====== Source material ======

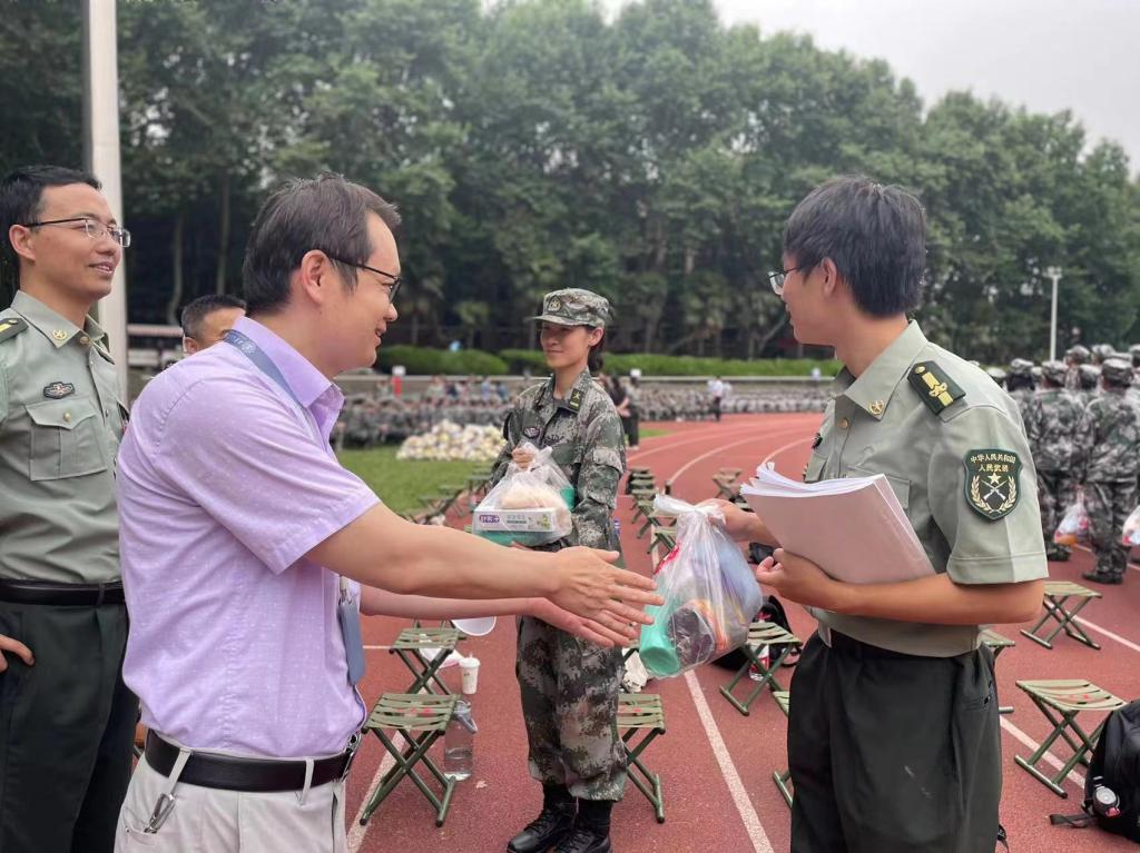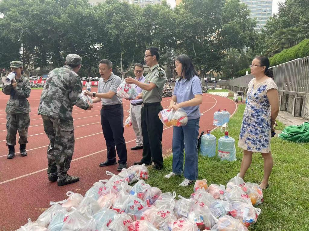 老师们为参训同学依次送上精心准备的消暑慰问物品,军训慰问之行在师生的欢笑声,掌声中接近尾声。
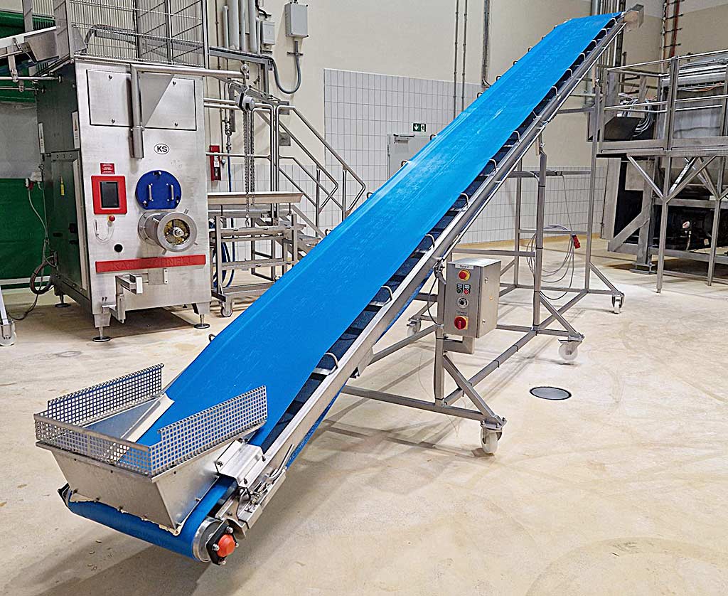 | Beschreibung Ein Lebensmittel-Bandförderer Kittner steht zur Verfügung. Breite: 600mm, Gesamtlänge: 8300mm, Motorleistung: 370W, Bandgeschwindigkeit: 6,6m/min, Winkel: 31,5°, Förderhöhe: 3300mm. Dokumentation vorhanden. Eine Besichtigung vor Ort ist möglich. |
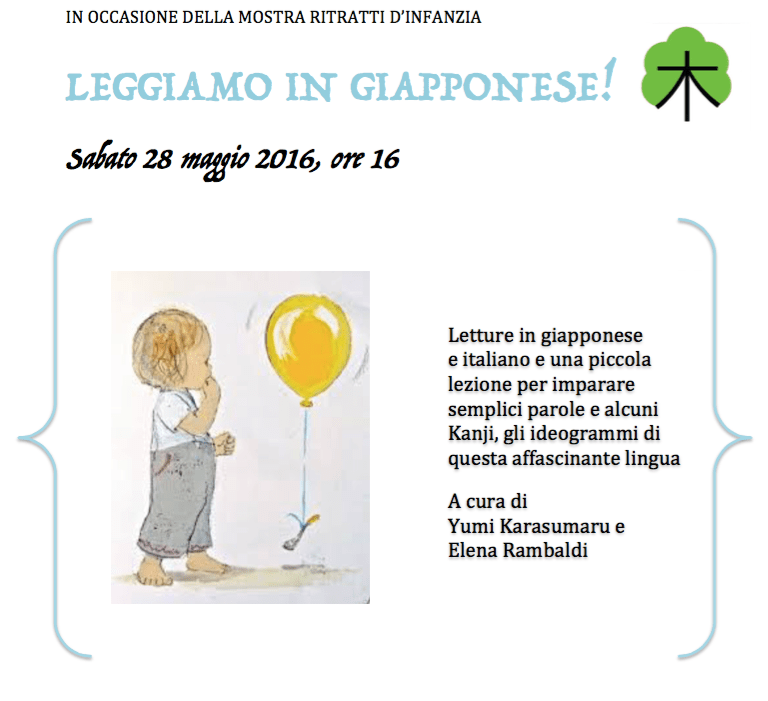 Sabato 28 maggio alle 16, appuntamento sotto le teche della mostra “Ritratti d’Infanzia” per un pomeriggio di lettura in lingua giapponese e italiana. L’artista Yumi Karasumaru ci terrà compagnia leggendo ai bambini alcune storie di Komako Sakai, Akiko Hayashi e Akiko Miyakoshi. Poi, una piccola lezione di questa meravigliosa lingua tutta dedicata ai bambini, alla scoperta dei misteriosi e affascinanti Kanji.

======

What you need to do: Repeat the data verbatim, excluding all pictures.

Task output:
 老师们为参训同学依次送上精心准备的消暑慰问物品,军训慰问之行在师生的欢笑声,掌声中接近尾声。
 | Beschreibung Ein Lebensmittel-Bandförderer Kittner steht zur Verfügung. Breite: 600mm, Gesamtlänge: 8300mm, Motorleistung: 370W, Bandgeschwindigkeit: 6,6m/min, Winkel: 31,5°, Förderhöhe: 3300mm. Dokumentation vorhanden. Eine Besichtigung vor Ort ist möglich. |
 Sabato 28 maggio alle 16, appuntamento sotto le teche della mostra “Ritratti d’Infanzia” per un pomeriggio di lettura in lingua giapponese e italiana. L’artista Yumi Karasumaru ci terrà compagnia leggendo ai bambini alcune storie di Komako Sakai, Akiko Hayashi e Akiko Miyakoshi. Poi, una piccola lezione di questa meravigliosa lingua tutta dedicata ai bambini, alla scoperta dei misteriosi e affascinanti Kanji.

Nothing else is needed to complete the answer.